Ist das Entstehen von Minusstunden ausschließlich der Risikosphäre des Arbeitgebers zuzuordnen, sind die Minusstunden als Ausdruck fehlender Arbeitsmöglichkeiten auf Arbeitgeberseite, ist die Verrechnung ausgeschlossen. In diesen Fällen erhält der Arbeitnehmer seine Vergütung aufgrund eines Entgeltfortzahlungstatbestandes, da sich der Arbeitgeber gegenüber dem arbeitswilligen Arbeitnehmer im Annahmeverzug befindet (vgl. BAG Urteil vom 26.01.2011, 5 AZR 819/09).
In Fällen, in denen eine regelmäßige Verteilung der Arbeitszeit nicht erfolgt und die Arbeit flexibel durch Abruf geleistet wird, ist es Sache des Arbeitgebers, die Soll-Arbeitszeit (durch Abruf) tatsächlich auszuschöpfen.

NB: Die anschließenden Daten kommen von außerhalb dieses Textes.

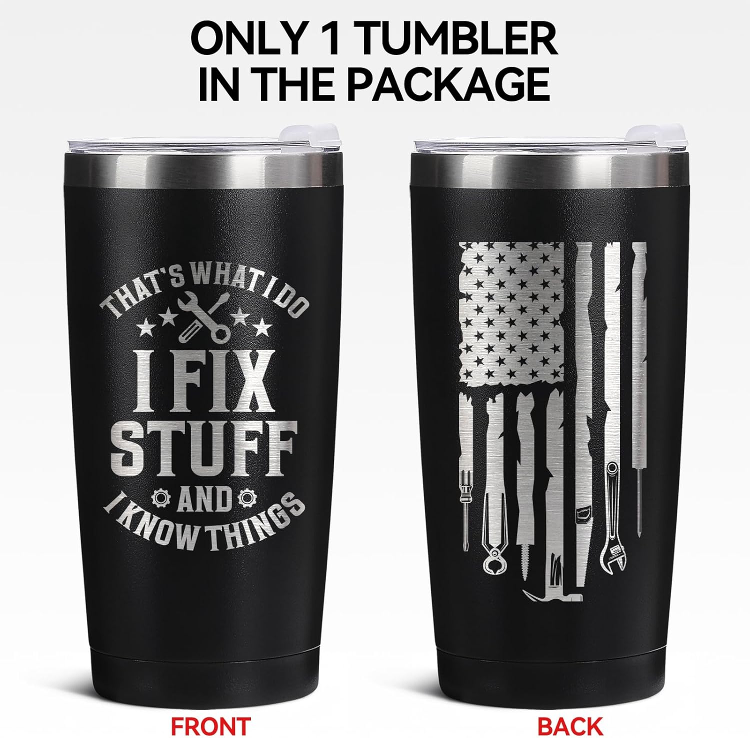 Father’s Day Gift for Dad, Grandpa, Husband & Mechanics – 20oz Black Tumbler | I Fix Stuff & I Know Things – Funny Christmas Birthday Gift for Men | Dad Gifts
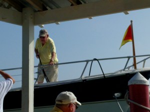 Yup, they have the red running light on the starboard side. It should be on the port. What???? Finally Gary can’t stand it any longer and goes over to the owner to tell him about his lights

Tut er dies nicht, so ist nicht von einem freiwilligen Entstehen der Minusstunden auszugehen mit der Folge, dass in der monatlichen Vergütung eine Vorschusszahlung nicht gesehen werden kann. Dies berechtigt dann den Arbeitgeber nicht, einen Abzug für Minusstunden vorzunehmen.
* verstetigtes Arbeitsentgelt: Bestimmung des Monatseinkommen unter Berücksichtigung der tatsächlich geleisteten Arbeitsstunden
Geltung von Ausschlussfristen
Ist der Saldo eines Arbeitszeitkontos durch den Arbeitgeber bereits anerkannt, was in der Regel durch die Bestätigung des Arbeitgebers auf dem Arbeitszeitkonto geschieht, so wird nicht nur der Saldo streitlos gestellt, sondern auch der Vergütungsanspruch anerkannt. Stellt eine Lohnabrechnung bereits ein Anerkenntnis des Vergütungsanspruch dar, so ist in dem Arbeitszeitkonto nur eine andere Form des Vergütungsanspruches zu erkennen, der nicht mehr des besonderen Schutzes von Ausschlussfristen bedarf (vgl. BAG, Urteil vom 28.07.2010, 5 AZR 521/09).
Praxistipp
Es ist sicherzustellen, dass der Arbeitgeber in Fällen, in denen eine flexible Arbeitszeitgestaltung möglich ist, den Abruf der Soll-Arbeitszeit dokumentiert, da andernfalls die Zahlungen nicht als Vorschussleistungen bewertet werden können und daher ein Verrechnungsanspruch ausscheidet.
Im Arbeitsvertrag sollte eine Regelung enthalten sein, die feststellt, dass es sich bei der Aufnahme von Minusstunden in ein Zeitkonto um vorweggenommenen Freizeitausgleich handelt, ohne dass dies zum Ausgleich eines bereits vorhandenen Guthabens erfolgt.
Ferner ist zu regeln, dass ein solcher Freizeitausgleich im Rahmen der betrieblichen Möglichkeiten im Vorwegwege durch den Arbeitnehmer genommen werden kann und die darin liegende Vorwegleistung mit späteren Vergütungsforderungen des Arbeitgebers verrechnet werden kann.